(Data items)
■ ■ ■ ■ ■ ■ ■

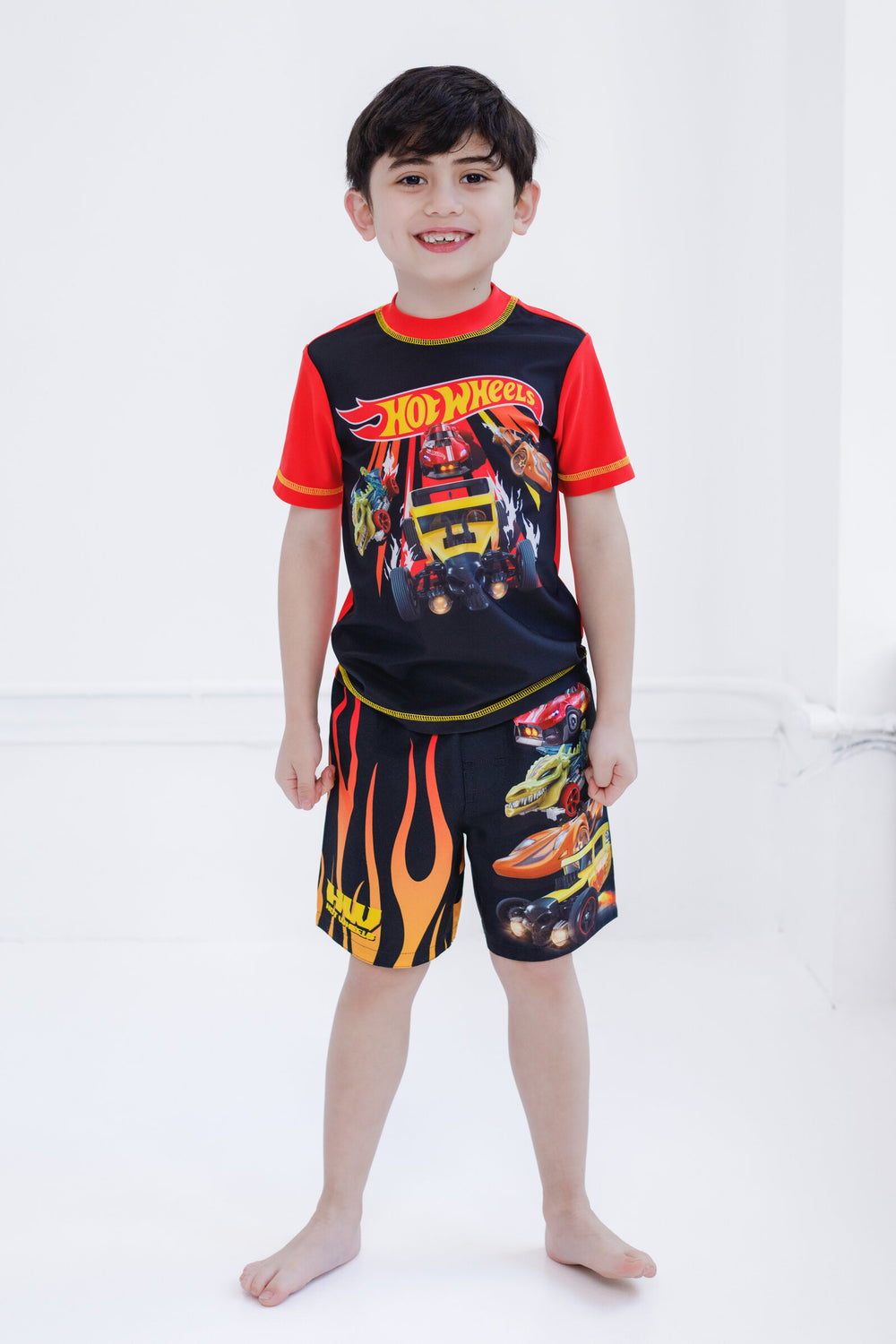 Hot Wheels UPF 50+ Pullover Rash Guard and Swim Trunks Outfit Set Toddler to Big Kid
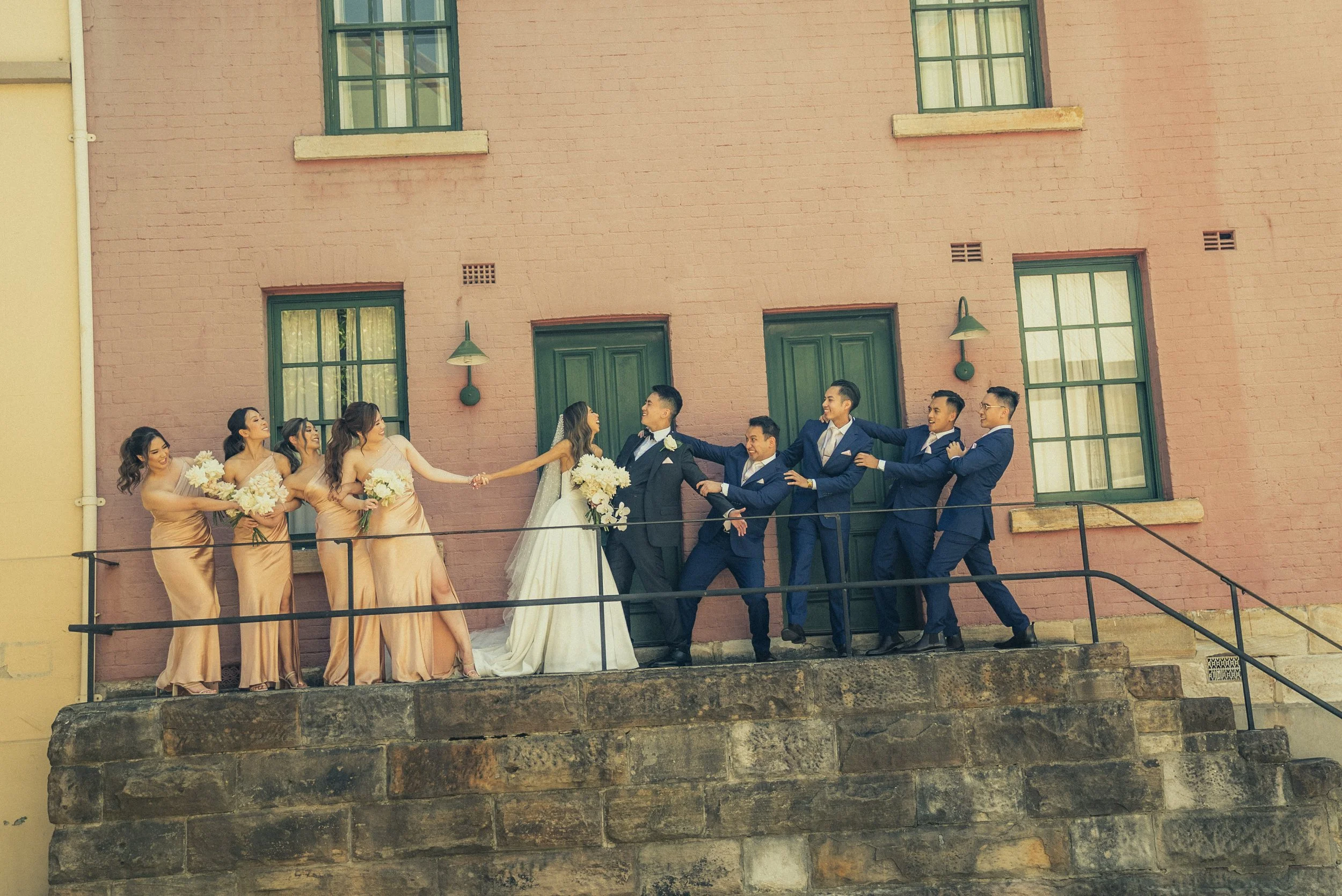 A wedding party of nine people standing on a stone ledge in front of a pink brick building. The bride and groom are in the center, holding hands and smiling, with the bride holding a bouquet. Four bridesmaids in matching peach dresses are on the left
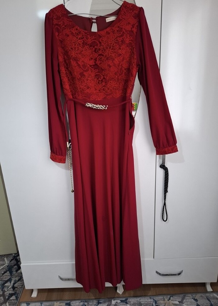 44 beden yandan fermuarlı hiç kullanılmadı Renk bordo ama ışıktan dolayı kırmızı görünüyor
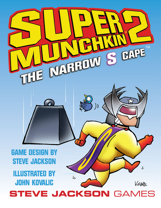 There comes a time in every munchkin's career when he's taken on more than he can handle, bitten off more than he can chew, gotten in over his head. It's time for – the Narrow S Cape. With 112 cards to enhance your Super Munchkin game, The Narrow S Cape is much more than just this season's favorite fashion accessory! It teems with new villains like the contemptible Cheese Wiz, Gothzilla (with earthquake-causing platform boot action!), and the Ratwoman. And lest you feel overwhelmed by villainy, this expansion also features new items, new Powers and a new Class: the Brain! Wield the Slide Rule and Power Ring against Sister Blister! Tackle Tackyman with the Trampoline! Endure the Two-Hour Monolog because you were Raised By Armadillos!
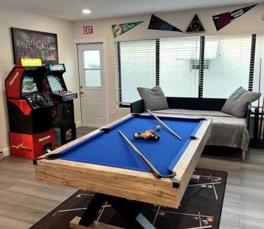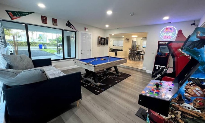 Modern Tropical Oasis with Arcade, HotTub & MiniGolf is a recently renovated vacation home in Hollywood where guests can make the most of the garden and tennis court. The air-conditioned accommodation is 6.9 miles from Seminole Hard Rock Hotel & Casino. The vacation home also provides free Wifi, free private parking, and facilities for disabled guests. Providing a patio and garden views, the spacious vacation home includes 3 bedrooms, a living room, flat-screen TV, an equipped kitchen, and 2 bathrooms with a walk-in shower and a hot tub. Guests can enjoy a meal on an outdoor dining area while overlooking the quiet street views. The vacation home offers bed linen, towels, and laundry service. There is an on-site coffee shop, and during warmer months you can make use of the barbecue facilities. You can play billiards, darts and squash at the vacation home, and the area is popular for cycling and fishing. An indoor play area is also available at Modern Tropical Oasis with Arcade, HotTub & MiniGolf, while guests can also relax on the sun terrace. Hard Rock Stadium is 7.9 miles from the accommodation, while Broward Convention Center is 10 miles away. Fort Lauderdale-Hollywood International Airport is 5 miles from the property.
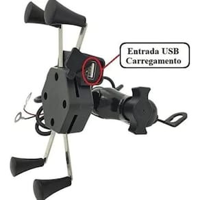 Universal para motos com retrovisor rosca 8 ou 10mm.Universal para motos com parafuso da mesa do guidão rosca 8 ou 10mm.Descrição:Produto elaborado com material de alta qualidade, testado e aprovado dentro das normas de segurança.Acompanha na embalagem:1 suporte celular ou gps.1 borracha fixação.2 selos fixação.2 borrachas reservas.Instalação:Com ajuste manualmente para o tamanho exato de seu celular ou dispositivo gps, este produto é de fácil instalação, não exige que mude a estrutura de sua moto, pois foi confeccionado seguindo as especificações que permita uma melhor qualidade.Vantagem:Com usb você pode carregar seu celular e seu dispositivo gps, com uma borracha para melhor fixação para mais segurança e firmeza para a sua moto.Descrição técnicas:Cor: preto.Matéria-prima: borrachaMedidas: para celulares e gps com 3.5 á 6 polegadas.Voltagem padrão de entrada: 12v - 30v.Compatível: 12v / 24v.Voltagem de saída: 5v.Corrente de saída: 2a Marca: Suporte Moto C/ Usb

■ ■ ■ ■ ■ ■ ■

EXERCISE OBJECTIVE
Repeat, exactly and in full, each line from the start of the data to the line that contains "44 beden yandan". Pictures do not go in.

TASK ANSWER
 Hot Wheels UPF 50+ Pullover Rash Guard and Swim Trunks Outfit Set Toddler to Big Kid
 A wedding party of nine people standing on a stone ledge in front of a pink brick building. The bride and groom are in the center, holding hands and smiling, with the bride holding a bouquet. Four bridesmaids in matching peach dresses are on the left
 44 beden yandan fermuarlı hiç kullanılmadı Renk bordo ama ışıktan dolayı kırmızı görünüyor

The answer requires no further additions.